Lloyd Corbett sat down again, sorting out his genitals, and then lit his pipe. “Jeez, Bernie, I’m crazier than you are. I’ll bet you two thousand dollars and give you until one o’clock before the first drop falls.”
While they waited, Bernard fished a bottle of Scotch out of his desk drawer and poured Corbett a large shot. Among them, it was never too early.
“I’m retiring next month. Going to settle in Victoria. Had enough of these damn winters.”
“Will Frobisher be taking your place?” Bernard asked, suddenly alert.
“Nope. He’s going to Ottawa. They’ve already sent in a new fella. Just a kid. His name’s Smith.
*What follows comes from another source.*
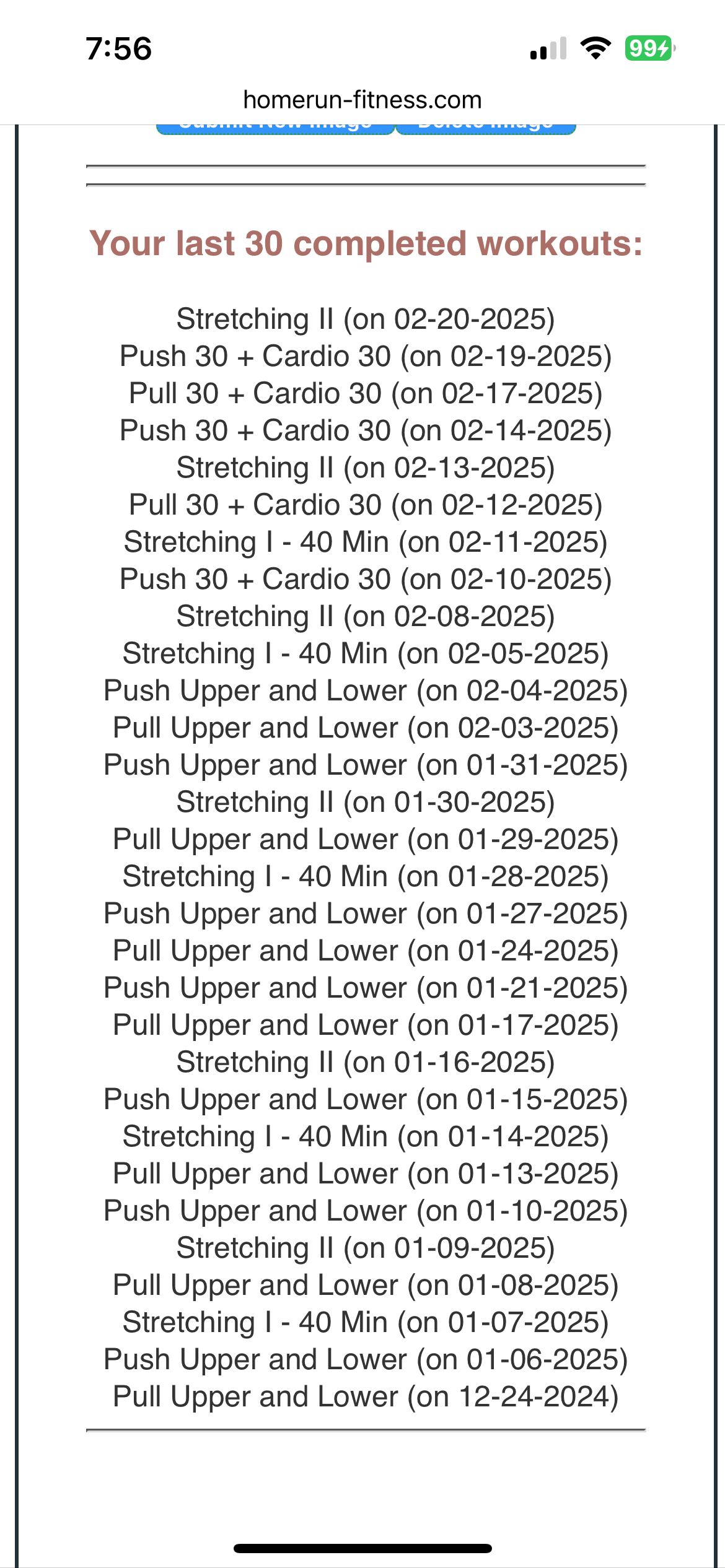 In Your Account, scroll down to view a list of workouts you have completed in the last 30 days

Bertram Smith.”
“Well, let me have his address and I’ll send him a case of Johnny Walker Red to welcome him into town.”
“I wouldn’t do that, Bernie, if I was you.”
> “What are you trying to tell me?”
“Smith’s a teetotaller.”
“Married?”
“Nope.”
“I bet I’ve got just the girl for him.”
“He’s a regular church-goer, Bernie. A troop leader with the Boy Scouts.”
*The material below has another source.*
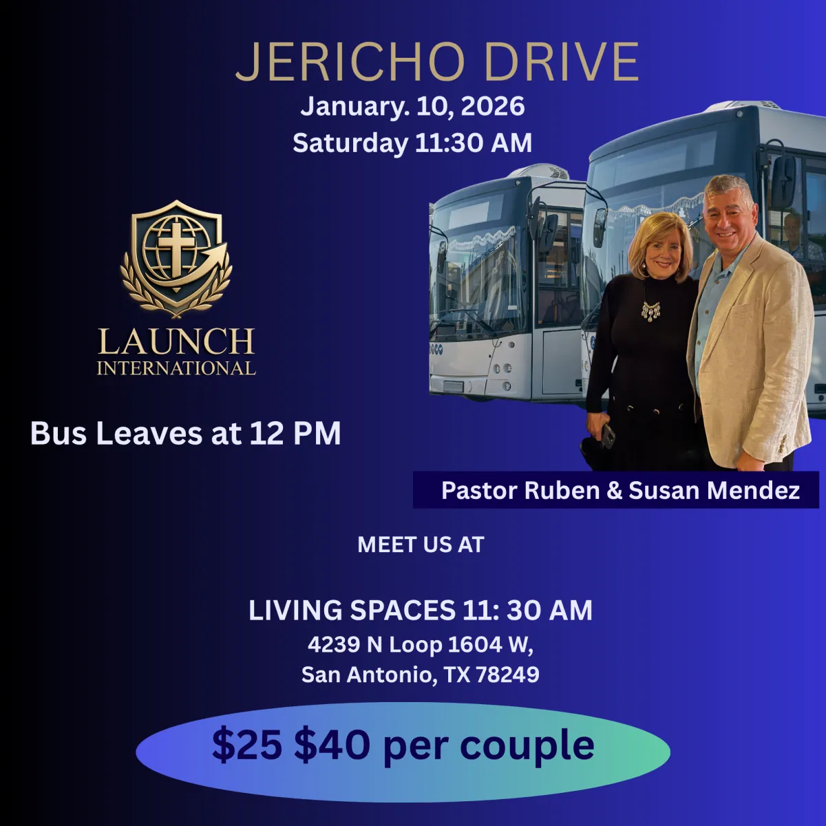 In general, the Jericho Drive will last approximately three and a half to four hours as we travel along Loop 1604. During this time, we will make four strategic stops to worship, declare God’s promises, and pray over each designated location. We warmly invite everyone to participate in this citywide prayer assignment, which will be conducted in a spirit of excellence, unity, and godly order.

Three weeks passed before Bert Smith made his first appearance at the warehouse. At first glance, Bernard took him for another unemployed farm boy looking for a day’s work, he walked so softly and seemed so unsure of himself. Smith was scrawny, dry brown hair parted in the middle, pale as a plucked chicken, grey eyes with pupils like nailheads, blade of a nose blackhead peppery, hardly any lips, just a line there clamped shut, and a receding chin. His suit, too large for him, was neatly pressed and his black leather shoes shone. Once he introduced himself, Bernard grasped why he kept his mouth shut so tight. His crowded teeth were not so much irregular as running off in every which direction, the puffy gums an angry red. And his breath came hot and smelly. “I’m the new customs agent,” Smith said.
“It’s very thoughtful of you to come by to say hello. What do you say we grab a coffee and a blueberry pie at The Regent?”
They sat together in a booth.
“Where are you from?”
“Saskatoon.”
“Isn’t that my favourite town?”
“I came to inquire about the four carloads of bonded whisky you’ve got lying on a railroad siding.”
“You got a hero, Bert? Jesus aside.”
“Jesus was not a hero, Mr. Gursky. He is our Saviour.”
“Goddamn right he is. I meant no disrespect.”
“Those who do not accept him can never enter the Kingdom of Heaven.”
Or the Manitoba Club, you little rat, Bernard thought, but never mind. “Risky risky,” he said, “that’s life. And death too, if I take your point correctly.”
“Yes.”
“Me, my hero is Baden-Powell. You know, the best years of my life were in the Boy Scouts and it really pains me that the troops here haven’t got a proper meeting hall. We’d like to contribute to that, the Gurskys, and we’d be honoured if you served as treasurer, taking charge of the funds at the committee’s disposal.”